Lastly, you can go with a health stipend. With a stipend, an employer offers a fixed amount of money to their employees to help them pay for an individual health insurance plan and other health-related out-of-pocket costs. The amount is typically added to the employees’ paychecks as taxable income on a regular basis, such as monthly, quarterly, or annually. Stipends are flexible, so employers can determine how much to give their employees for medical care without having to foot the bill for restrictive group health insurance. They aren’t a formal benefit, so they’re typically easier to manage and have fewer administrative costs.

However, because they aren’t a formal benefit, employees can use their stipend to buy whatever they want. So, while you may want your employees to use the money on health insurance or medical expenses, they aren’t required to do so, nor can you ask for proof that they purchased health insurance coverage. A stipend also doesn’t satisfy the employer mandate for ALEs. This often makes an HRA a better option.

How to Choose the Best Health Benefit Option

Assessing Employee Needs

Understanding the needs of your employees is crucial. Conduct surveys or hold meetings to gather information on what health benefits are most important to them.

Evaluating Costs

Analyze the costs associated with each health benefit option. Consider both the short-term and long-term financial impacts on your business.

Considering Flexibility and Customization

Look for health benefit options that offer flexibility and customization to meet the diverse needs of your workforce.

Case Studies

Company A: Successful Implementation of QSEHRA

Company A, a small business with fewer than 50 employees, implemented a QSEHRA. This allowed them to provide health benefits without the high costs associated with traditional group health insurance.

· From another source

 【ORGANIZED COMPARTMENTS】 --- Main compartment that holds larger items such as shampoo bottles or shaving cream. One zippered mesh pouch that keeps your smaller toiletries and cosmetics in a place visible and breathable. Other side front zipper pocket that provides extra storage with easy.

Employees appreciated the flexibility to choose their own insurance plans.

Company B: Integrating a GCHRA

Company B, a mid-sized business, decided to switch to a high deductible health plan and integrate a GCHRA. This move helped them save on healthcare costs while still providing comprehensive benefits to their employees.

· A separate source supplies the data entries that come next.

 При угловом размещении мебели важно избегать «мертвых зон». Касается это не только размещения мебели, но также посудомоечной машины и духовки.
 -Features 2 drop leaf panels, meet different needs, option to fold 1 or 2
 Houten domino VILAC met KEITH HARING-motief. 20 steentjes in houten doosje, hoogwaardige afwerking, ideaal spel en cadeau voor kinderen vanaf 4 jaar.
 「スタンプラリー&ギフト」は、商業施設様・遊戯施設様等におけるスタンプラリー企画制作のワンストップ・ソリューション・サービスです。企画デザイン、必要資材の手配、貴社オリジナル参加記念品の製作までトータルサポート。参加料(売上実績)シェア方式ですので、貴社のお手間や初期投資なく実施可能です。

To help your employees with the rising annual cost of healthcare, you may consider implementing group health insurance as part of your employee benefits package. Its familiarity and tax advantages may seem attractive. However, group health insurance has disadvantages, so weighing the pros and cons before deciding is essential.

If the cons outweigh the pros for your organization, an HRA may be just what you need. With PeopleKeep, we can offer you a personalized health benefit that will suit your budget and your employees’ diverse needs.


What is the difference between an HRA and a health stipend?

An HRA is a formal health benefit funded by the employer to reimburse employees for qualified medical expenses and individual insurance premiums. A health stipend is a fixed amount given to employees as taxable income to help with medical costs, but it can be used for any purpose.

Can employees choose their own health insurance with an HRA?

Yes, with a stand-alone HRA like QSEHRA or ICHRA, employees can choose their own individual health insurance plan that best fits their needs.

How do tax advantages work with group health insurance?

Employers can deduct the money paid toward employee premiums from their taxes. Employees can pay their premiums with pre-tax dollars, reducing their taxable income.

What are the participation requirements for group health plans?

Group health plans generally require a 70% participation rate, meaning a significant portion of employees need to enroll for the plan to be viable.

Are health stipends considered taxable income?

Yes, health stipends are considered taxable income for employees, unlike HRAs, which provide tax-free reimbursements for qualified medical expenses.